The late Rep. John Lewis (D-GA), a civil rights icon, left behind a passionate exhortation to the country amid nationwide unrest over race in the Trump era.

On the same day as Lewis’ funeral Thursday, the New York Times published an op-ed penned by the congressman.

In the essay, Lewis described how Martin Luther King Jr. inspired him to take action in the Civil Rights movement as black Americans like Emmett Till suffered racist violence by a country governed by white supremacy.

“Ordinary people with extraordinary vision can redeem the soul of America by getting in what I call good trouble, necessary trouble,” Lewis wrote.

The late congressman emphasized the importance of voting, which he calls “the most powerful nonviolent change agent you have in a democratic society.”

“You must use it because it is not guaranteed. You can lose it,” he warned.

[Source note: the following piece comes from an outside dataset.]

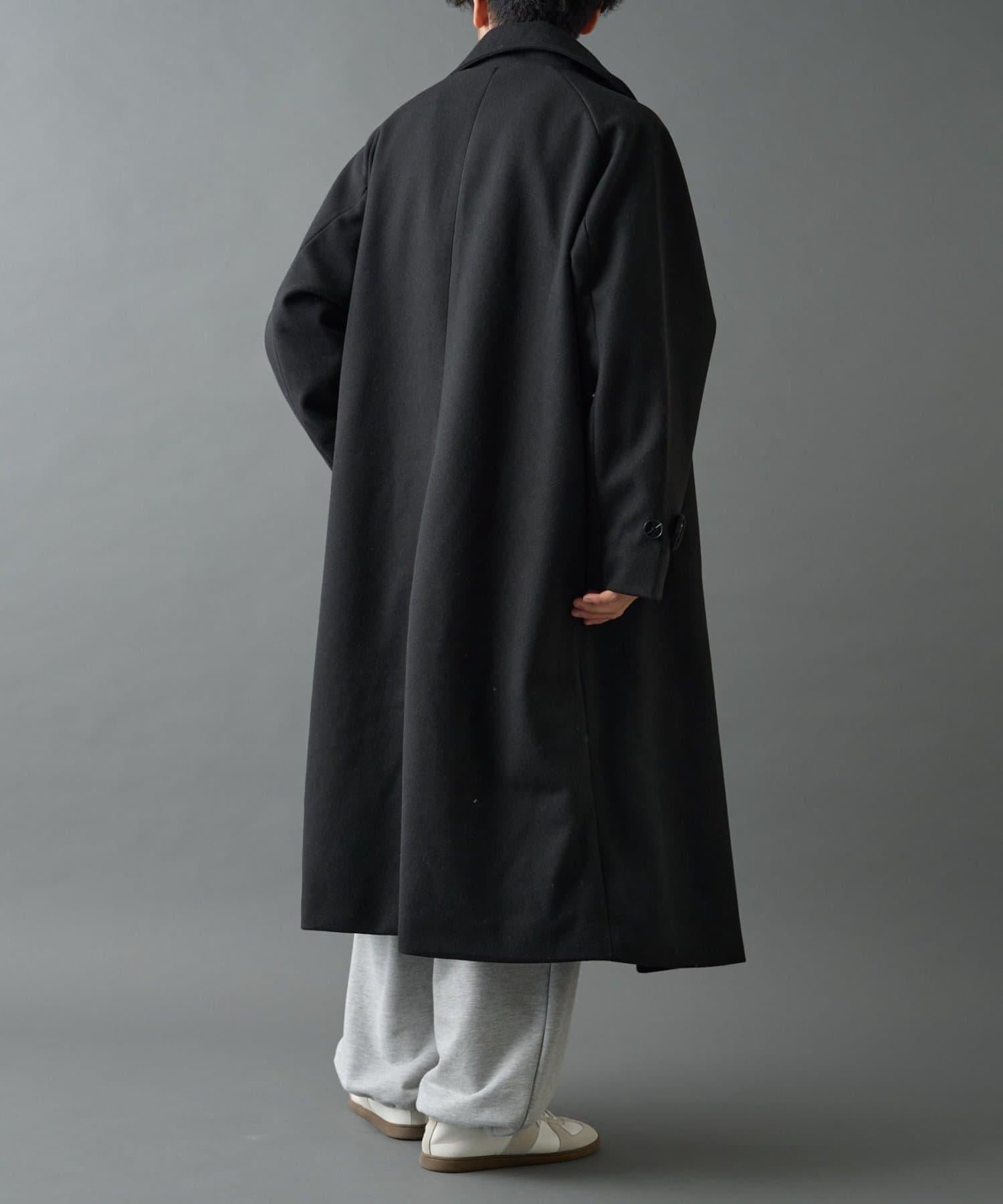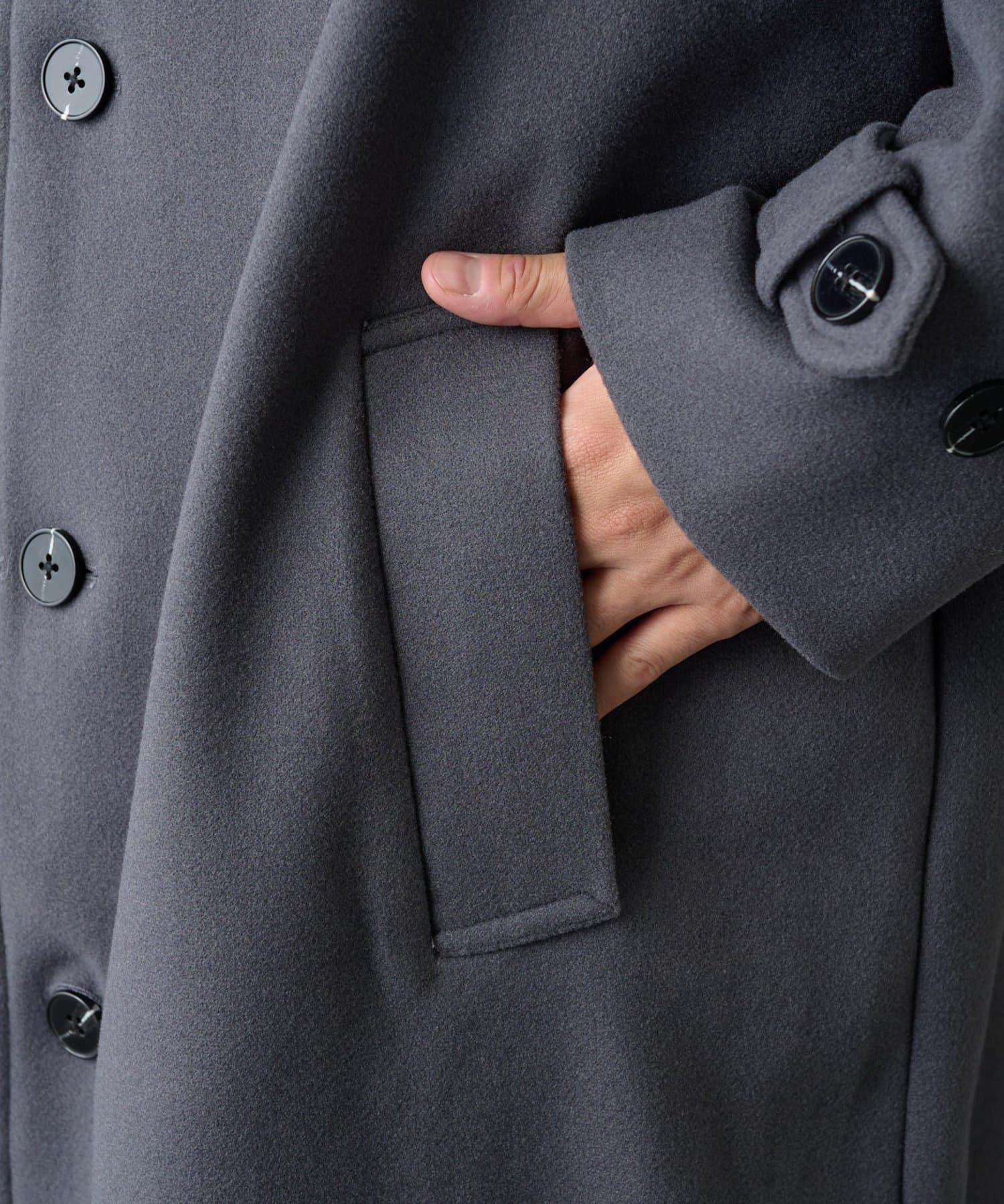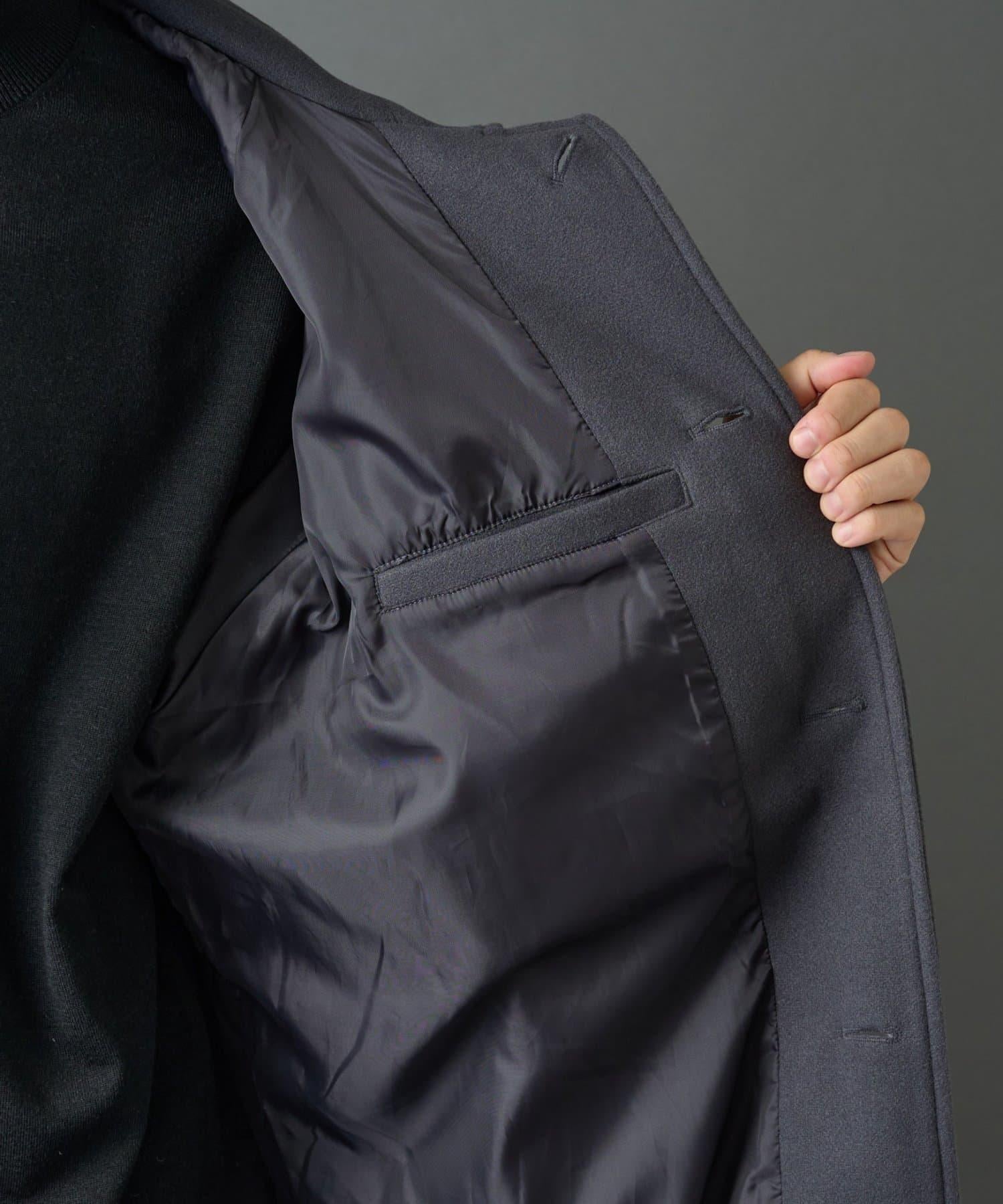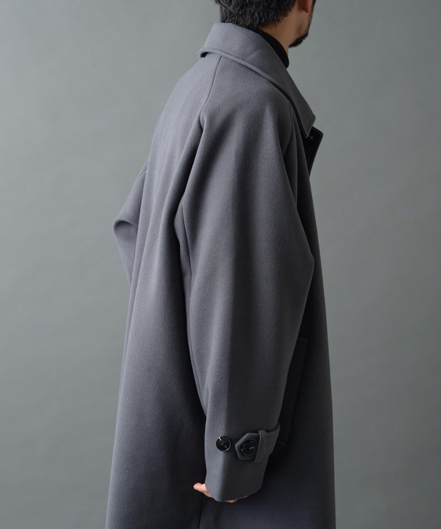 科技羊毛製成的不鏽鋼領長款外套,兼具古典外觀與現代功能。

Lewis concluded his essay with a final call to action.

“Though I may not be here with you, I urge you to answer the highest calling of your heart and stand up for what you truly believe,” he wrote. “In my life I have done all I can to demonstrate that the way of peace, the way of love and nonviolence is the more excellent way. Now it is your turn to let freedom ring.”

The civil rights leader’s warning that voting rights are not assured was published on the same day President Donald Trump tweeted an alarming suggestion to delay the November elections, even though he does not have the power to do so.